{1472} revision 0 modified: 07-30-2019 21:04 gmt

Two papers out recently in Arxive and Biorxiv:

  • A critique of pure learning: what artificial neural networks can learn from animal brains
    • Animals learn rapidly and robustly, without the need for labeled sensory data, largely through innate mechanisms as arrived at and encoded genetically through evolution.
    • Still, this cannot account for the connectivity of the human brain, which is much to large for the genome; with us, there are cannonical circuits and patterns of intra-area connectivity which act as the 'innate' learning biases.
    • Mice and men are not so far apart evolutionary. (I've heard this also from people FIB-SEM imaging cortex) Hence, understanding one should appreciably lead us to understand the other. (I agree with this sentiment, but for the fact that lab mice are dumb, and have pretty stereotyped behaviors).
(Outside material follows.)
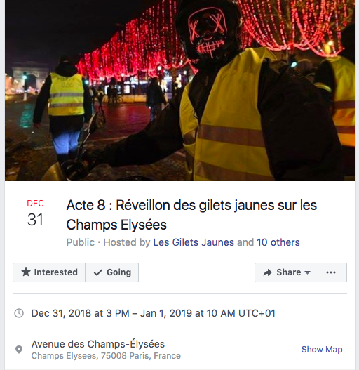 "Потому что мы никогда не сдадимся. Потому что Елисейские Поля стали нашим новым садом борьбы. Мы снова встретимся 31 декабря на полях, чтобы вместе отпраздновать приход 2019 года, в радости и в ненасильственной борьбе", - написали организаторы на странице события в Facebook.

    • References Long short term memory and learning to learn in networks of spiking neurons -- which claims that a hybrid algorithm (BPTT with neuronal rewiring) with realistic neuronal dynamics markedly increases the computational power of spiking neural networks.
  • What does it mean to understand a neural network?
    • As has been the intuition with a lot of neuroscientists probably for a long time, posits that we have to investigate the developmental rules (wiring and connectivity, same as above) plus the local-ish learning rules (synaptic, dendritic, other .. astrocytic).
      • The weights themselves, in either biological neural networks, or in ANN's, are not at all informative! (Duh).
    • Emphasizes the concept of compressability: how much information can be discarded without impacting performance? With some modern ANN's, 30-50x compression is possible. Authors here argue that little compression is possible in the human brain -- the wealth of all those details about the world are needed! In other words, no compact description is possible.
    • Hence, you need to learn how the network learns those details, and how it's structured so that important things are learned rapidly and robustly, as seen in animals (very similar to above).